NCCL WARN Call to posix_fallocate failed : No space left on device

edit_or · January 9, 2023, 1:32am

Please provide the following information when requesting support.

• Hardware (A30)
• Network Type (Mask_rcnn)
• TAO DOcker Version (http://nvcr.io/nvidia/tao/tao-toolkit-tf:v3.22.05-tf1.15.5-py3)
Training config file
maskrcnn_train_resnet18.txt (2.2 KB)

I am training maskrcnn using tao docker container (tao-toolkit-tf:v3.22.05-tf1.15.5-py3).

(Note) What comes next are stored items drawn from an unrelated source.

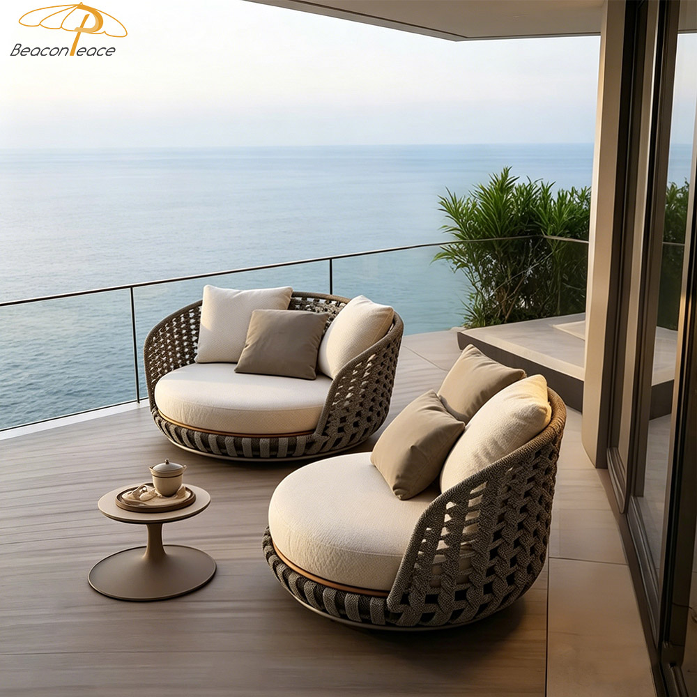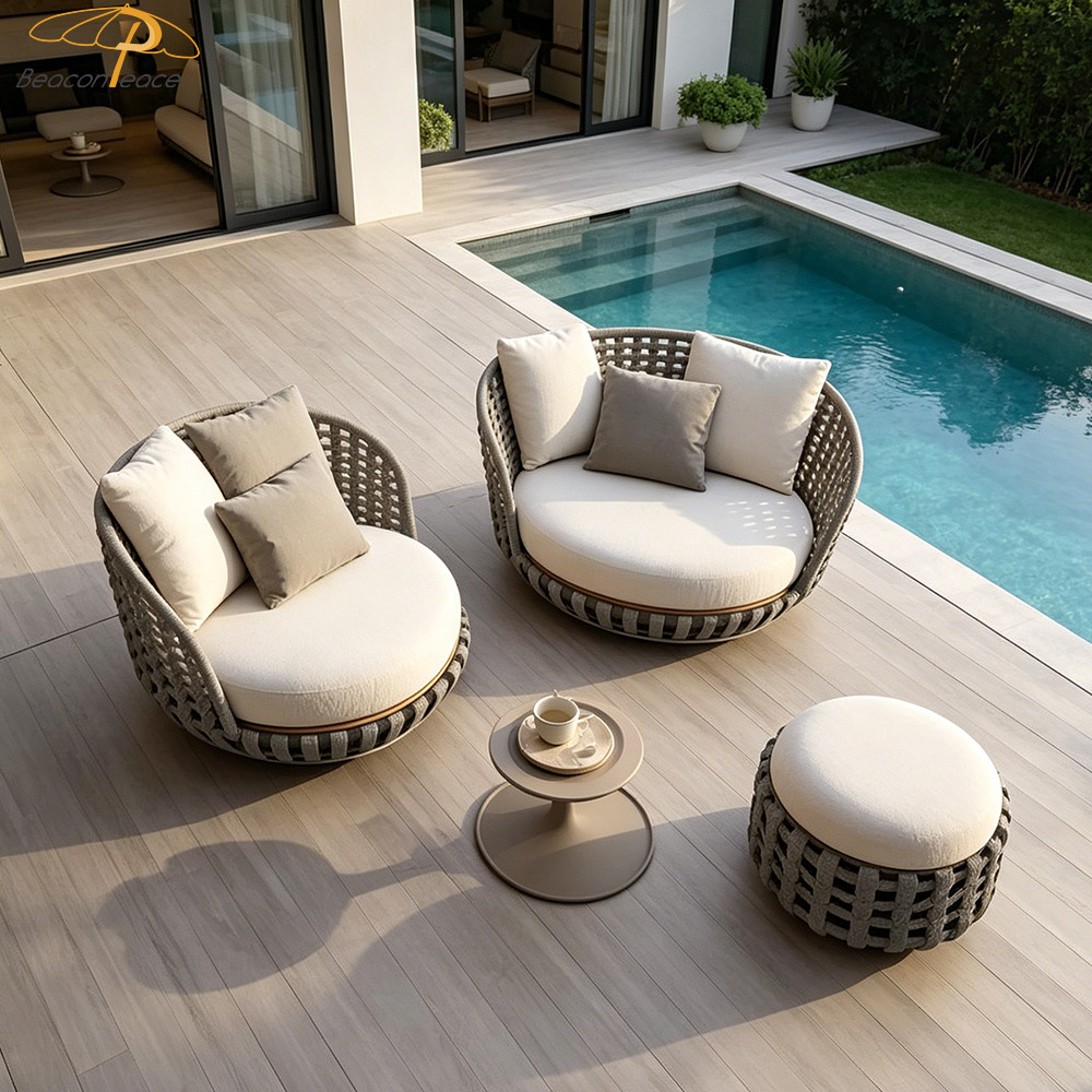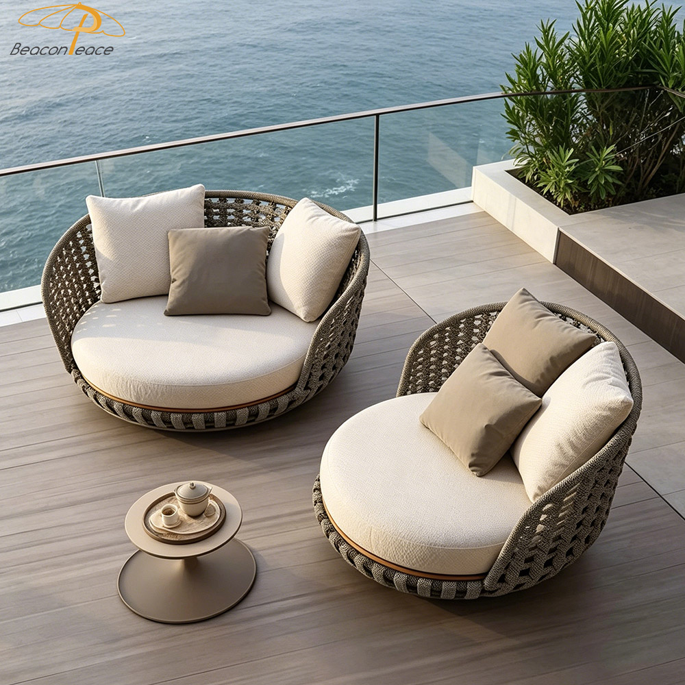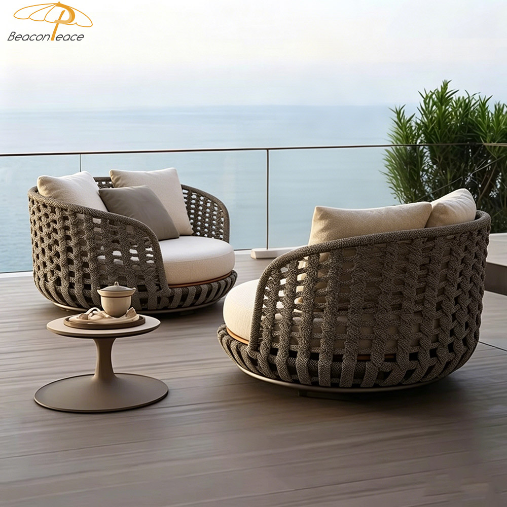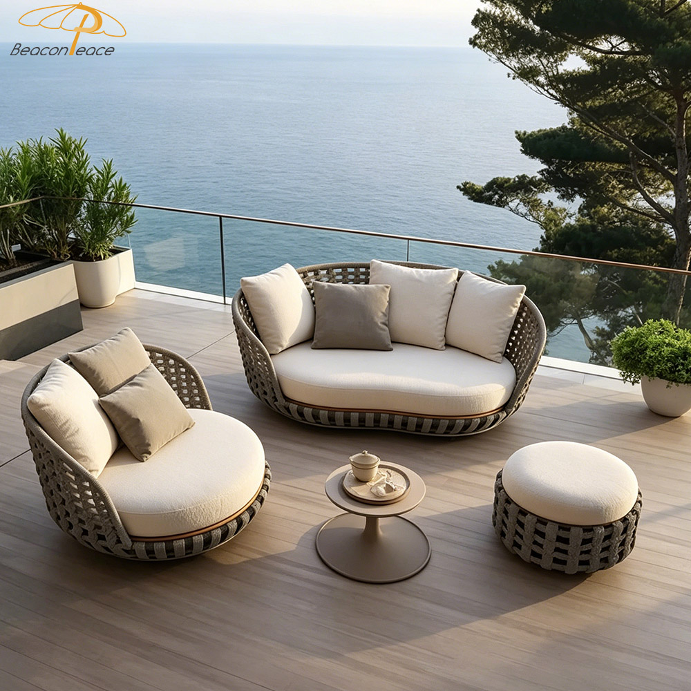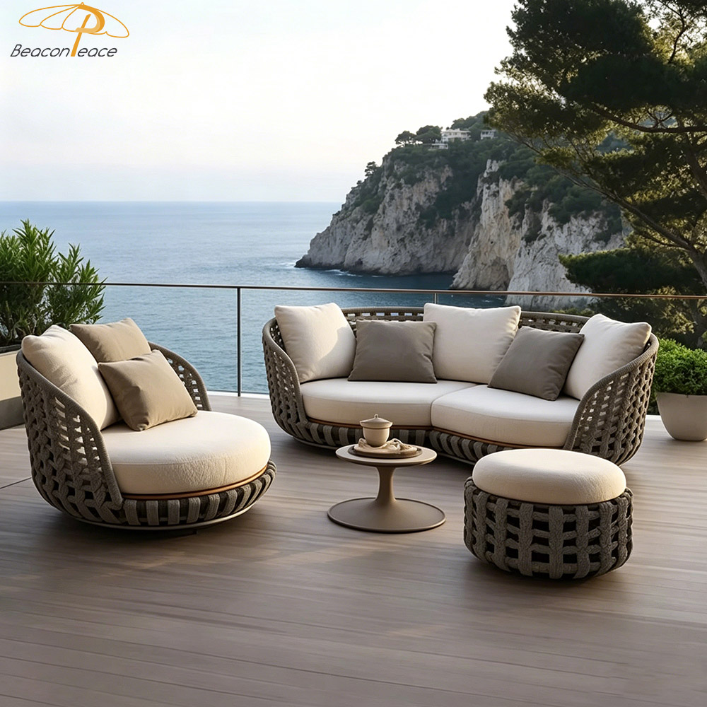 This outdoor aluminum and wicker sofa is designed to create a premium outdoor leisure experience. Constructed with a high-strength aluminum alloy frame, it is lightweight yet exceptionally sturdy, naturally possessing rust-proof and corrosion-resistant properties that allow it to effortlessly withstand harsh outdoor environments. The hand-woven outdoor wicker features a textured, natural finish that not only enhances breathability but also adds a unique touch of natural beauty. The sofa is equipped with professional water-repellent cushions, offering a multitude of benefits—including stain resistance, easy cleaning, quick drying, and breathability—to ensure you enjoy lasting comfort.
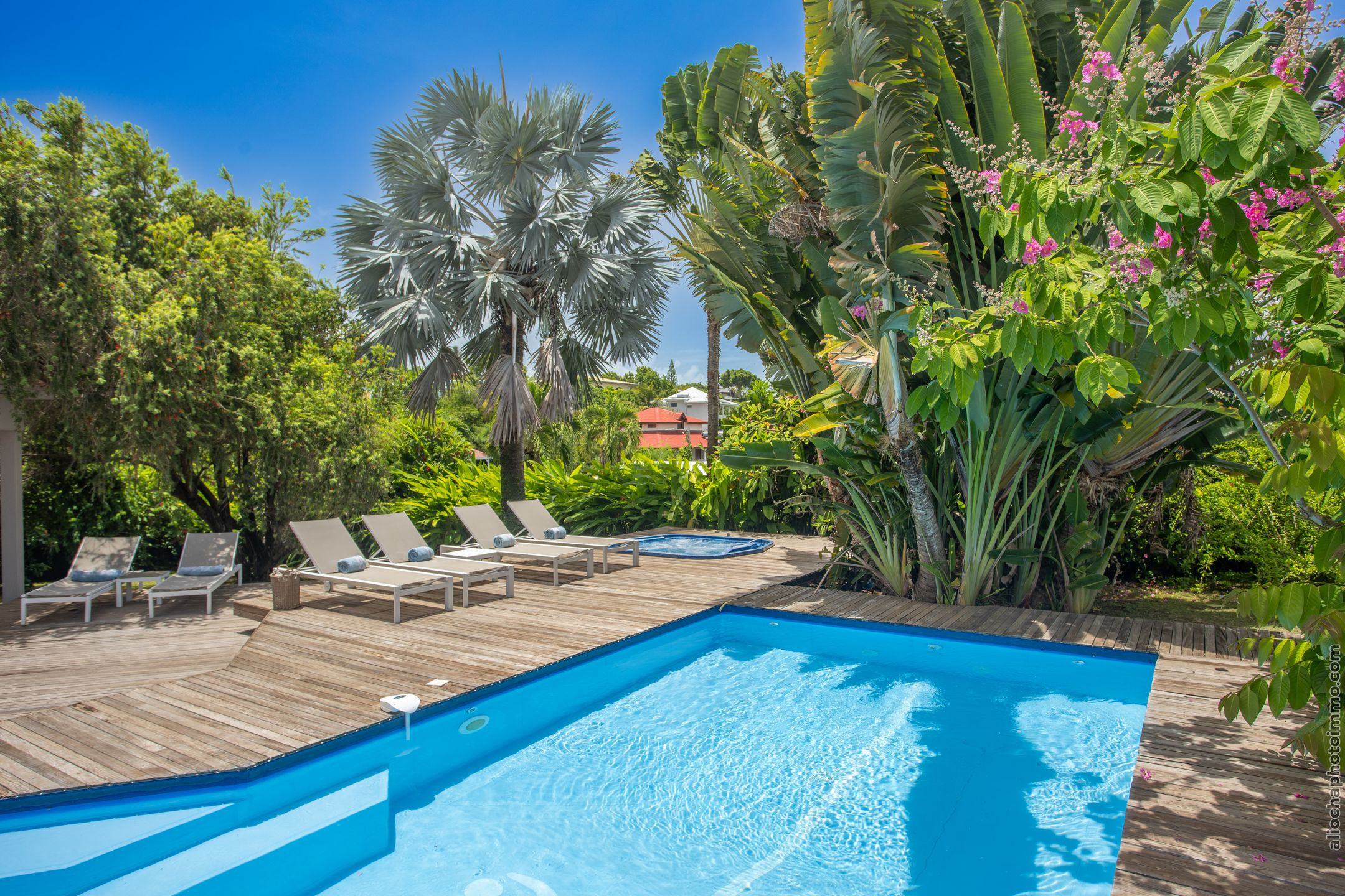 Outside, Villa Karukera offers a true tropical retreat with a uniquely shaped 9.5 x 4 m saltwater pool and a jacuzzi nestled around the deck, all surrounded by a lush garden with traveler’s trees, palm trees, and bougainvillea. Sun loungers, an outdoor seating area, and a shaded table provide the perfect setting to relax, enjoy drinks and meals al fresco, or simply admire the scenery, making this space a true seaside haven.Just steps from Anse à Jacques beach, Villa Karukera is the perfect address for a vacation combining swimming, relaxation, and memorable moments with family or friends.
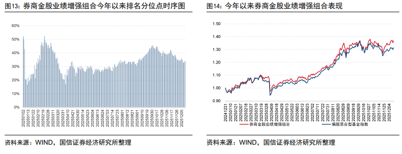 本年(2025.1.2-2025.12.12),券商金股业绩增强组合绝对收益36.74%,相对偏股混合型基金指数超额收益5.40%。今年以来,券商金股业绩增强组合在主动股基中排名34.33%分位点(1191/3469)。
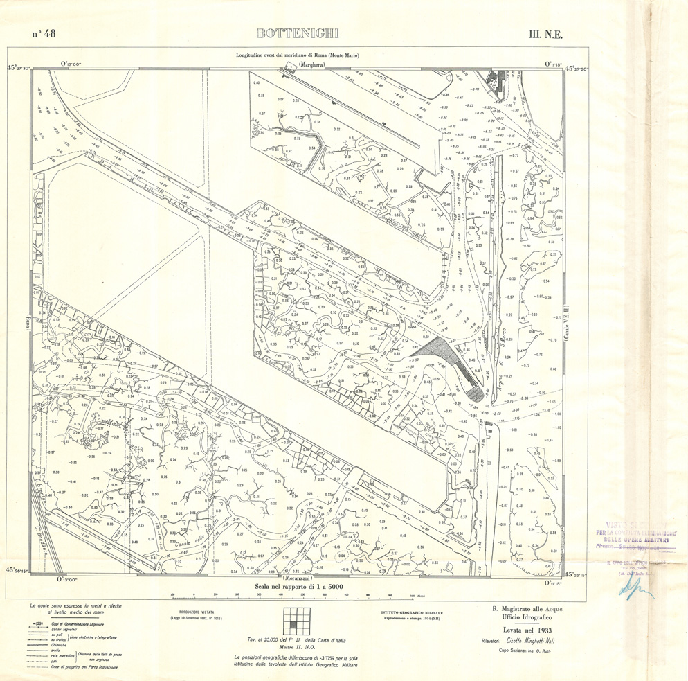 "Carta prodotta e stampata dall' IGM negli anni dal 1932 al 1934 su rilievi eseguiti dall' Ufficio Idrografico del Magistrato delle Acque negli anni dal 1921 al 1933"

When training with multiple gpus with the following command,

mask_rcnn train -e /workspace/Nyan/cv_samples_v1.3.0/mask_rcnn/specs/maskrcnn_train_resnet18.txt -d /workspace/Nyan/cv_samples_v1.3.0/mask_rcnn/experiment_dir_unpruned -k nvidia_tlt --gpus 4

I have the following issue and training hang.
The issue is

"include/shm.h:28 NCCL WARN Call to posix_fallocate failed : No space left on device"
How can I fix?

3a85e60a5dd3:176:725 [0] include/shm.h:28 NCCL WARN Call to posix_fallocate failed : No space left on device
3a85e60a5dd3:176:725 [0] NCCL INFO include/shm.h:41 -> 2

3a85e60a5dd3:176:725 [0] include/shm.h:48 NCCL WARN Error while creating shared memory segment nccl-shm-recv-7592b768ba254c27-0-3-2 (size 9637888)
3a85e60a5dd3:176:725 [0] NCCL INFO transport/shm.cc:100 -> 2
3a85e60a5dd3:176:725 [0] NCCL INFO transport.cc:34 -> 2
3a85e60a5dd3:176:725 [0] NCCL INFO transport.cc:87 -> 2
3a85e60a5dd3:176:725 [0] NCCL INFO init.cc:815 -> 2
3a85e60a5dd3:176:725 [0] NCCL INFO init.cc:941 -> 2
3a85e60a5dd3:176:725 [0] NCCL INFO init.cc:977 -> 2
3a85e60a5dd3:176:725 [0] NCCL INFO init.cc:990 -> 2

3a85e60a5dd3:174:726 [0] include/shm.h:28 NCCL WARN Call to posix_fallocate failed : No space left on device
3a85e60a5dd3:174:726 [0] NCCL INFO include/shm.h:41 -> 2

3a85e60a5dd3:174:726 [0] include/shm.h:48 NCCL WARN Error while creating shared memory segment nccl-shm-recv-684fb0133cfb0d25-0-3-0 (size 9637888)
3a85e60a5dd3:174:726 [0] NCCL INFO transport/shm.cc:100 -> 2
3a85e60a5dd3:174:726 [0] NCCL INFO transport.cc:34 -> 2
3a85e60a5dd3:174:726 [0] NCCL INFO transport.cc:87 -> 2
3a85e60a5dd3:174:726 [0] NCCL INFO init.cc:804 -> 2
3a85e60a5dd3:174:726 [0] NCCL INFO init.cc:941 -> 2
3a85e60a5dd3:174:726 [0] NCCL INFO init.cc:977 -> 2
3a85e60a5dd3:174:726 [0] NCCL INFO init.cc:990 -> 2

Morganh · January 9, 2023, 3:34am

Please refer to Training doesn't converge for Mapillary Vistas Dataset training with MaskRCNN - #32 by edit_or

edit_or · January 9, 2023, 5:06am

Thanks I used this docker command and it works.

docker run --runtime=nvidia -it --shm-size=16g --ulimit memlock=-1:-1 --ulimit stack=67108864:67108864 --rm --entrypoint "" -v $PWD:/workspace -p 8888:8888 nvcr.io/nvidia/tao/tao-toolkit-tf:v3.22.05-tf1.15.5-py3 /bin/bash

system · January 23, 2023, 5:06am

This topic was automatically closed 14 days after the last reply. New replies are no longer allowed.